Although a cease-fire would reduce some of the suffering, it does not resolve the most important political question: Who will rule Gaza? Israel understandably does not want the Hamas regime that murdered around 1,200 of its citizens to return to power and vows to destroy Hamas. Yet all the other contenders for power are weak, including the PA.

Any non-Hamas government has to worry about two sets of armed actors. Israel is likely to continue at least limited operations against the remnants of Hamas, assassinating its leaders and otherwise trying to prevent the group from reconsolidating. Hamas, for its part, might attack any interim government in order to ensure its political preeminence, and this is especially true if that government cooperates with Israel on security.

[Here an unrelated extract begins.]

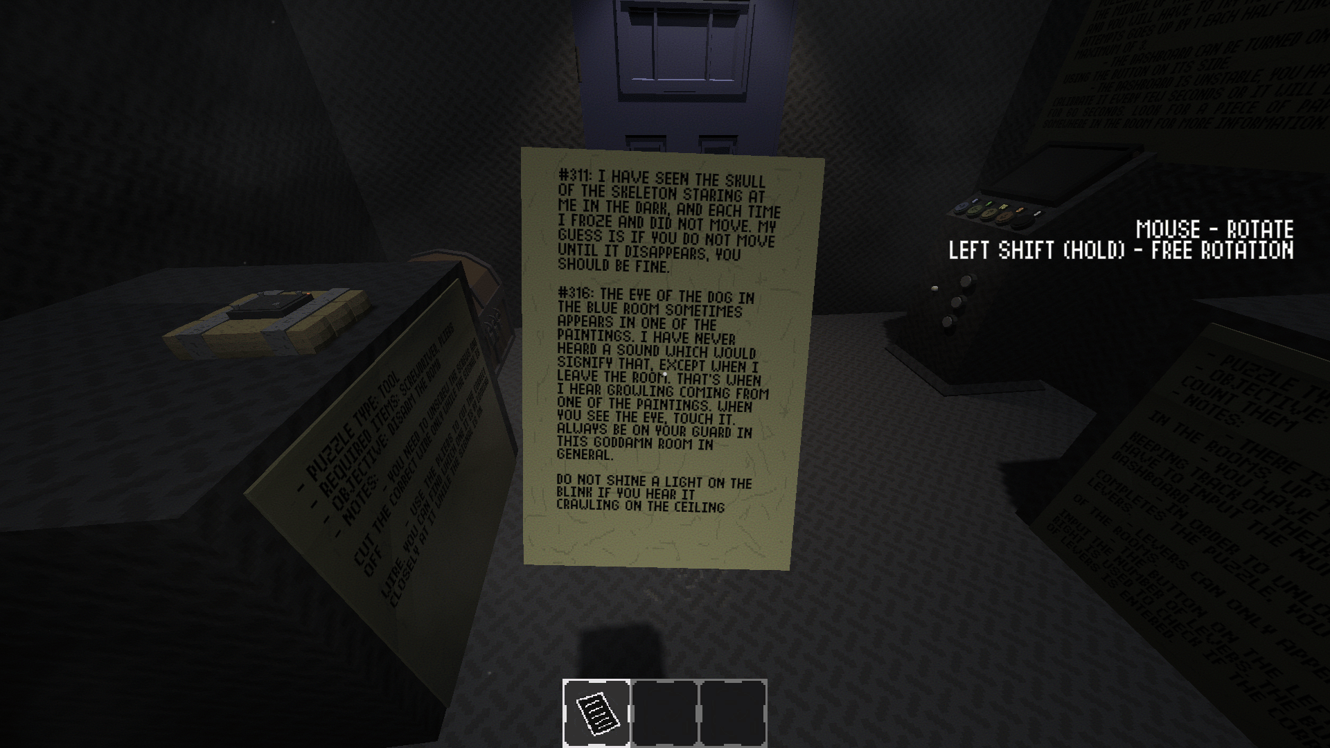 An extremely challenging horror game where you solve puzzles to escape while being hunted and toyed with by monstrosities.

As for Gaza’s economy, even massive aid would not restore conditions that existed before Oct. 7—tenuous as they were. Although initial reports claiming that Palestinians from Gaza who worked in Israel had aided the Oct. 7 terrorists appear to be wrong, suspicion toward Palestinians among Israelis will remain high. Israel has accused the U.N. Relief and Works Agency (UNRWA)—which for decades has provided education, health care, food, and other services in Gaza—of being penetrated by Hamas. More broadly, the Oct. 7 attacks discredited Israel’s carrot-and-stick approach of offering limited economic concessions backed up by the threat of force to encourage moderation from Hamas. The future will see few carrots and far more sticks.

Foreign aid, while necessary for daily survival in Gaza, also comes with its own long-term risks for any government in the enclave. Aid from outsiders could have a corrupting effect, making any government less accountable to its own people; ordinary Palestinians in Gaza would have no way to stop officials from siphoning off aid and abusing their power.

This mix of chaos, privation, and conflict poses long-term risks not just for Palestinians, but also for Israel and the rest of the regional states. Many of Gaza’s people will try to leave if they can, with next-door neightbor Egypt being the most likely destination, should Cairo allow it. These conditions are also natural feeders for violent groups, which can easily recruit young men who need a paycheck and are bitter toward Israel and the international community for their role in Gaza’s desperate condition.

The Israel-Hamas war’s end would only mark the end of a chapter in the book of Palestinian suffering: The next chapter may be about the chaotic postwar period. Too often, U.S. and international policy in the region is focused on establishing a cease-fire or beginning negotiations, and not enough on lessening the suffering of ordinary people.

To reduce the risk of long-term state failure, the United States, European Union members, and others hoping for a solution to the conflict should focus on who will rule Gaza and how that entity’s rule will be enforced in the long term.